Recorded data:
┌──

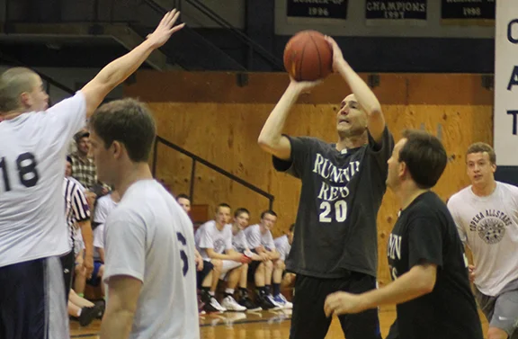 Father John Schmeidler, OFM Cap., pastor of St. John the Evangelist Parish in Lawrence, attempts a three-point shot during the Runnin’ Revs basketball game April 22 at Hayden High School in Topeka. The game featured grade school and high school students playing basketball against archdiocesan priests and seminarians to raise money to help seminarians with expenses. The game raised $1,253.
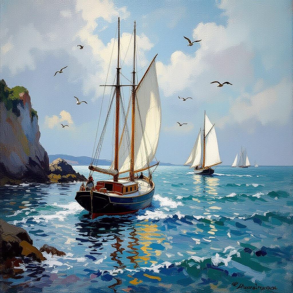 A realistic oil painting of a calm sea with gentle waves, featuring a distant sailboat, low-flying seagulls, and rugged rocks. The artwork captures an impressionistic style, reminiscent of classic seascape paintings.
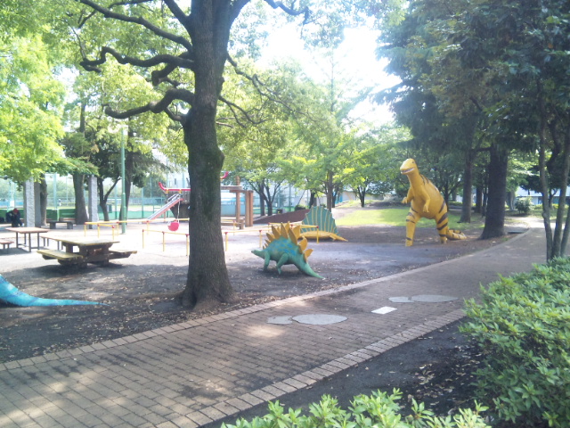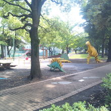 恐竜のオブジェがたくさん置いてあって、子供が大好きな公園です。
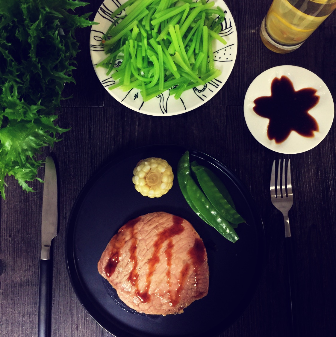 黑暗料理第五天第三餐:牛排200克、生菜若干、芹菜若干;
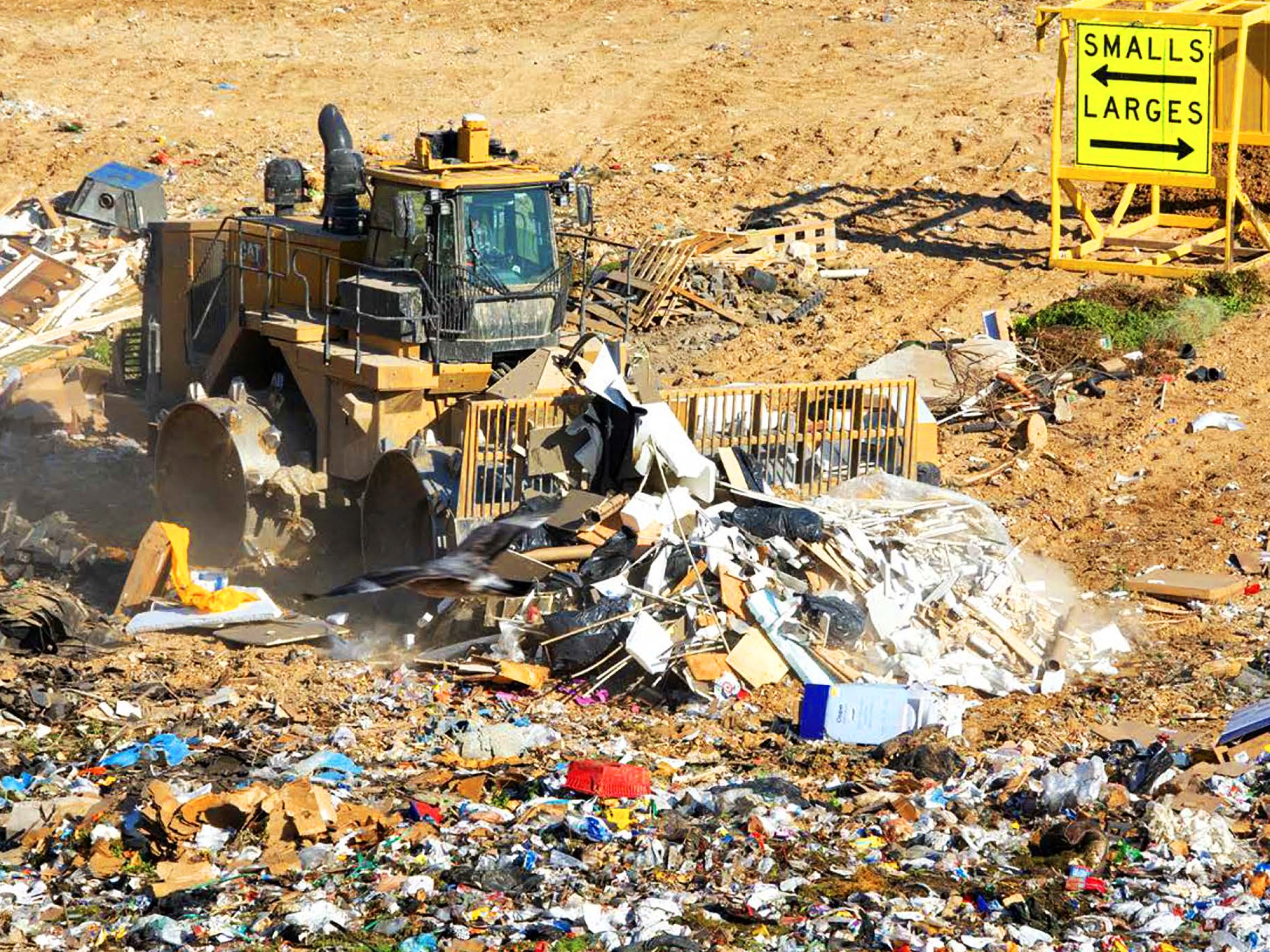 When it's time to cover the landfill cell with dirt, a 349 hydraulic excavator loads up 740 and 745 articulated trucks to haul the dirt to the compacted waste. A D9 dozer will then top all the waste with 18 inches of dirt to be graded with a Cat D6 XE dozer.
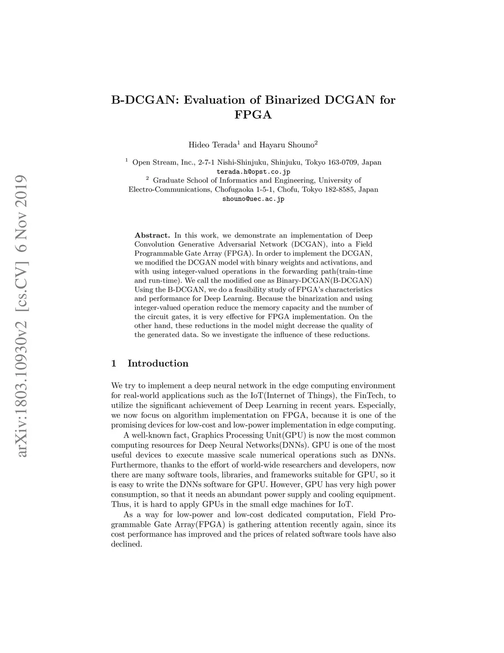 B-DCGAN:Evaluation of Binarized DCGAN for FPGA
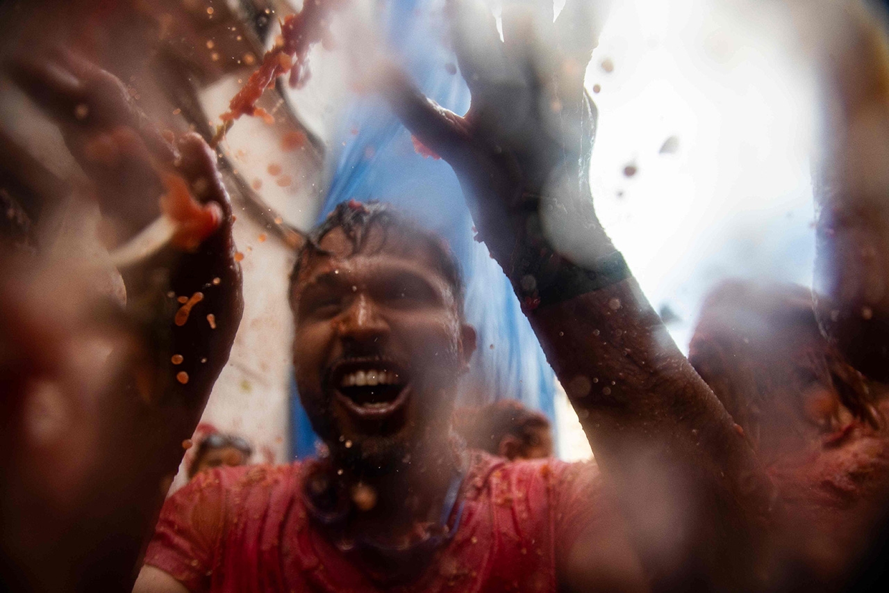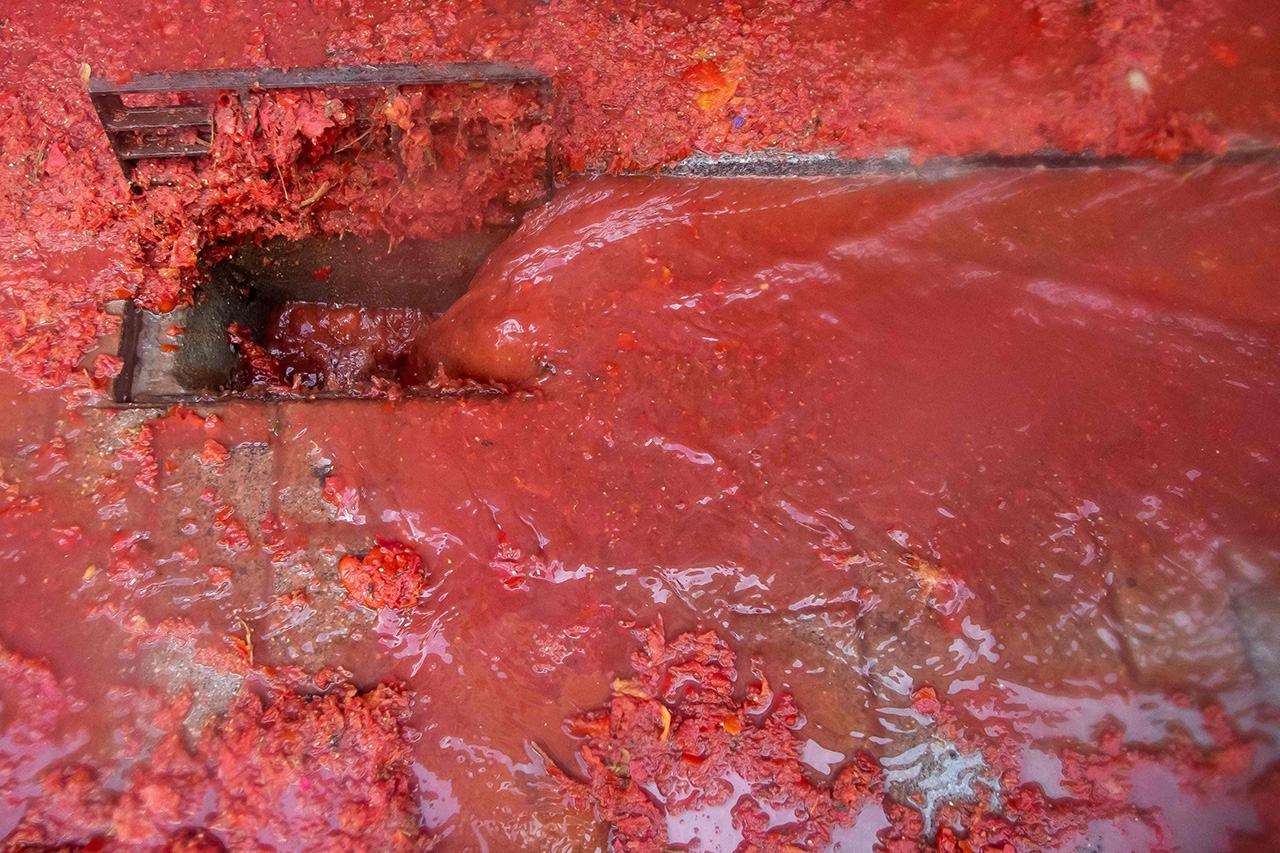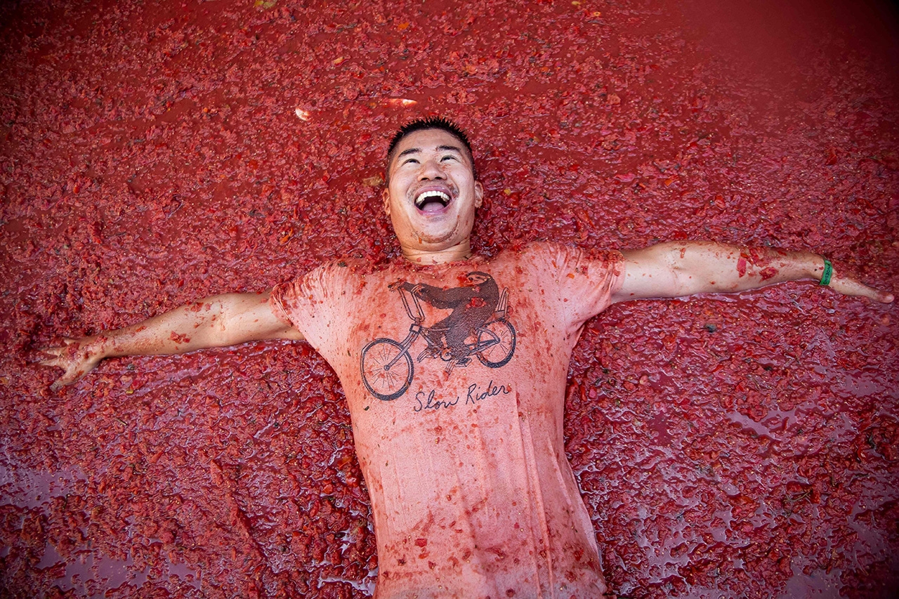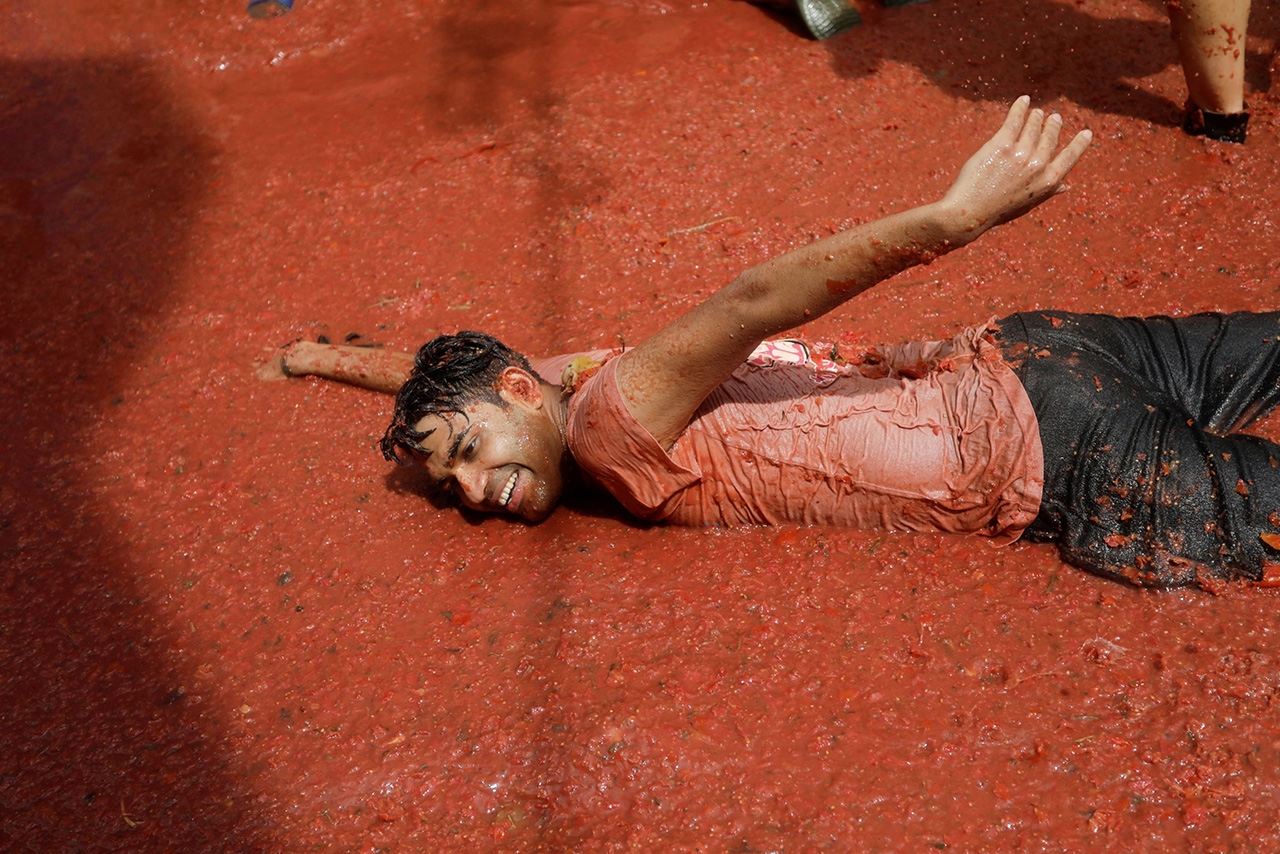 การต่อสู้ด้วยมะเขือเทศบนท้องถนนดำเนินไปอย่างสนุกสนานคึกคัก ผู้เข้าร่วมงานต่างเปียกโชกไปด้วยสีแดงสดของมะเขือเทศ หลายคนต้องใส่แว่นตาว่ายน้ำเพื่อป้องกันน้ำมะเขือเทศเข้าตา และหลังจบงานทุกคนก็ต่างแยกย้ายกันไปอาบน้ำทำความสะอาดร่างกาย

└──

■ **To do**
The answer is the full set of records printed exactly, less the pictures.

■ **Answer to this task**
 Father John Schmeidler, OFM Cap., pastor of St. John the Evangelist Parish in Lawrence, attempts a three-point shot during the Runnin’ Revs basketball game April 22 at Hayden High School in Topeka. The game featured grade school and high school students playing basketball against archdiocesan priests and seminarians to raise money to help seminarians with expenses. The game raised $1,253.
 A realistic oil painting of a calm sea with gentle waves, featuring a distant sailboat, low-flying seagulls, and rugged rocks. The artwork captures an impressionistic style, reminiscent of classic seascape paintings.
 恐竜のオブジェがたくさん置いてあって、子供が大好きな公園です。
 黑暗料理第五天第三餐:牛排200克、生菜若干、芹菜若干;
 When it's time to cover the landfill cell with dirt, a 349 hydraulic excavator loads up 740 and 745 articulated trucks to haul the dirt to the compacted waste. A D9 dozer will then top all the waste with 18 inches of dirt to be graded with a Cat D6 XE dozer.
 B-DCGAN:Evaluation of Binarized DCGAN for FPGA
 การต่อสู้ด้วยมะเขือเทศบนท้องถนนดำเนินไปอย่างสนุกสนานคึกคัก ผู้เข้าร่วมงานต่างเปียกโชกไปด้วยสีแดงสดของมะเขือเทศ หลายคนต้องใส่แว่นตาว่ายน้ำเพื่อป้องกันน้ำมะเขือเทศเข้าตา และหลังจบงานทุกคนก็ต่างแยกย้ายกันไปอาบน้ำทำความสะอาดร่างกาย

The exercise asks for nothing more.